Here the job is to copy the data exactly and to exclude every image from it.

Records drawn from a dataset
—————
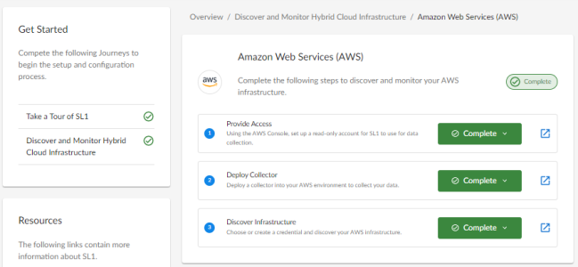 1. After you have completed the activities, you can return to the workflow pictured below and mark your progress as Complete. The workflow status updates in both the Discover and Monitor Hybrid Cloud Infrastructure journey card and the Get Started information card.
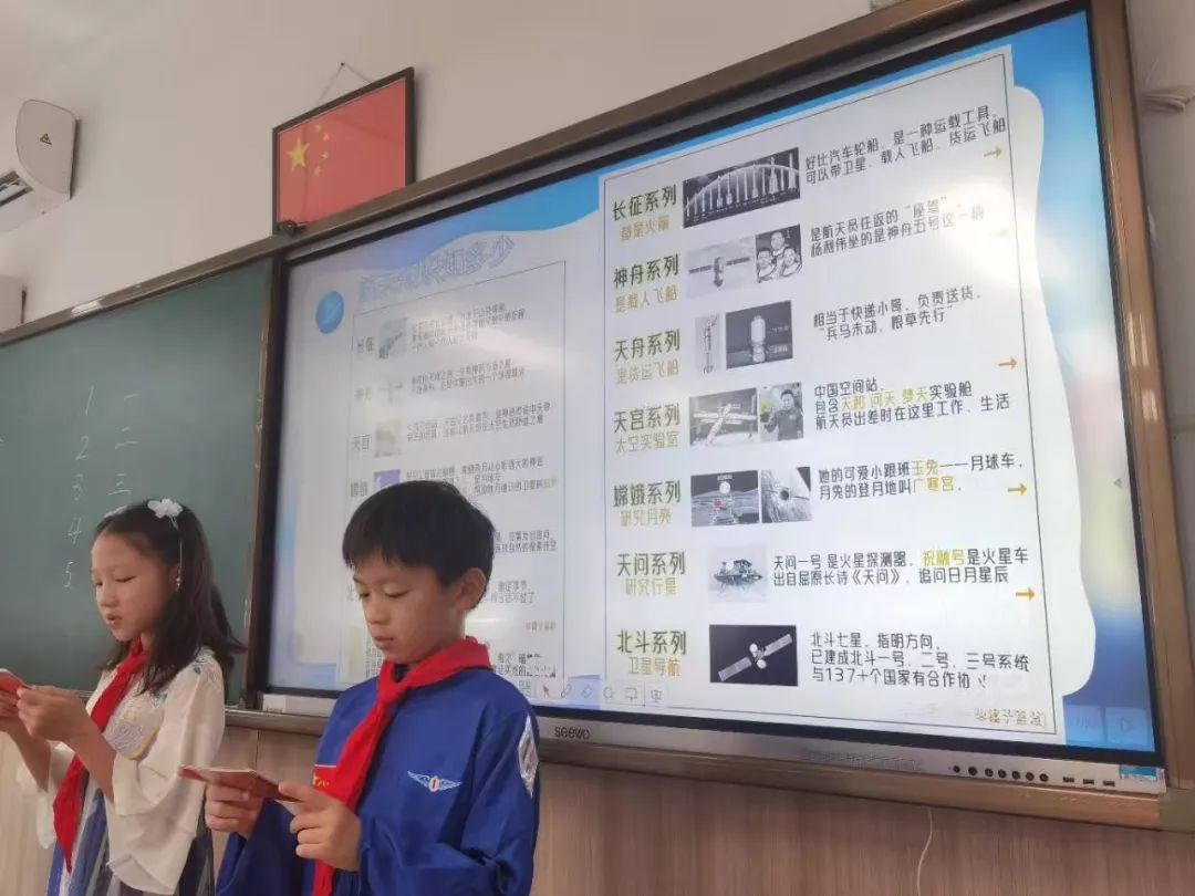 园南小学的校园里也弥漫着浓浓的节日气息,同学们穿上了飘逸的汉服,仿佛穿越时空。一、二年级的小朋友们讲述着嫦娥偷吃仙药飞升到月宫的故事,分享了中秋节的传统习俗,更是在小辅导员们的介绍下,了解了现代中国航天科技的重要里程碑“嫦娥工程”,感受中国航天的辉煌成就。孩子们精心筹备了“月华映梦,星辉铸志”的主题队会,他们以“月”为媒玩起飞花令,用诗句编织出一幅幅美丽的中秋画卷,也激起对月球的好奇和向往。
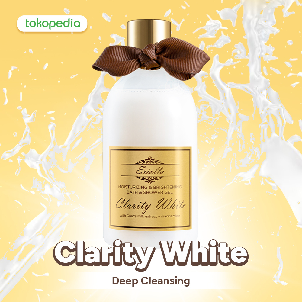 1. Clarity White With Goat's Milk extract + niacinamide Size 250ml Manfaat & Kandungannya: - Vitamin A Untuk penyembuhan luka & pertumbuhan kembali kulit - Probiotics mencerahkan kulit secara optimal - Mencerahkan, melembapkan, dan menutrisi Kulit - Memperlambat penuaan dini - Mengurangi garis halus & keriput - Menghilangkan noda hitam - Mengatasi Jerawat - Melindungi Kulit dari radikal bebas polusi & matahari
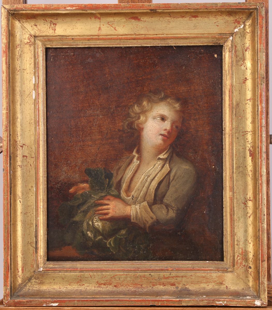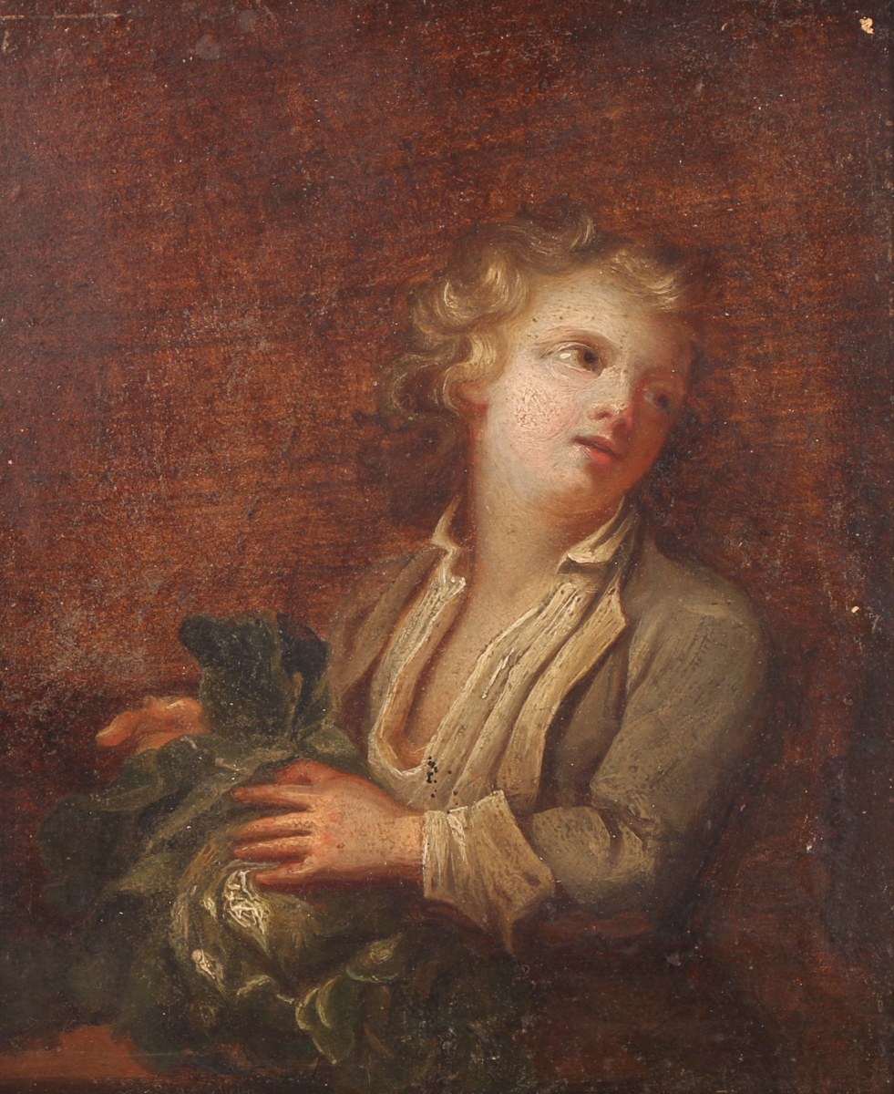 École FRANÇAISE du XVIIIe.L'enfant au chou.Toile marouflée sur carton.Haut. 22,...
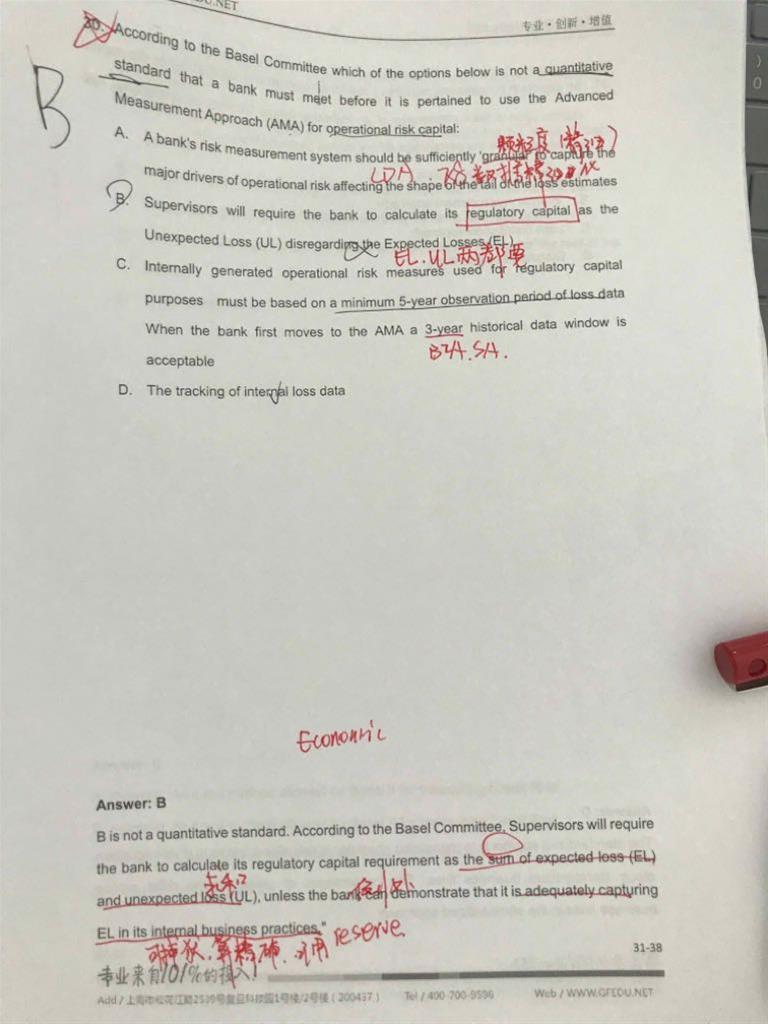 这一题说regularity capital是EL和UL求和 而我想到经济资本economic capital是WCL-EL 是单求UL的,这样一来的话 regular capital不就是比经济资本大吗 而事实上银行自己留存经济资本都是要高于巴塞尔协会规定的规章资本的
—————
◆ **ANSWER AREA**
 1. After you have completed the activities, you can return to the workflow pictured below and mark your progress as Complete. The workflow status updates in both the Discover and Monitor Hybrid Cloud Infrastructure journey card and the Get Started information card.
 园南小学的校园里也弥漫着浓浓的节日气息,同学们穿上了飘逸的汉服,仿佛穿越时空。一、二年级的小朋友们讲述着嫦娥偷吃仙药飞升到月宫的故事,分享了中秋节的传统习俗,更是在小辅导员们的介绍下,了解了现代中国航天科技的重要里程碑“嫦娥工程”,感受中国航天的辉煌成就。孩子们精心筹备了“月华映梦,星辉铸志”的主题队会,他们以“月”为媒玩起飞花令,用诗句编织出一幅幅美丽的中秋画卷,也激起对月球的好奇和向往。
 1. Clarity White With Goat's Milk extract + niacinamide Size 250ml Manfaat & Kandungannya: - Vitamin A Untuk penyembuhan luka & pertumbuhan kembali kulit - Probiotics mencerahkan kulit secara optimal - Mencerahkan, melembapkan, dan menutrisi Kulit - Memperlambat penuaan dini - Mengurangi garis halus & keriput - Menghilangkan noda hitam - Mengatasi Jerawat - Melindungi Kulit dari radikal bebas polusi & matahari
 École FRANÇAISE du XVIIIe.L'enfant au chou.Toile marouflée sur carton.Haut. 22,...
 这一题说regularity capital是EL和UL求和 而我想到经济资本economic capital是WCL-EL 是单求UL的,这样一来的话 regular capital不就是比经济资本大吗 而事实上银行自己留存经济资本都是要高于巴塞尔协会规定的规章资本的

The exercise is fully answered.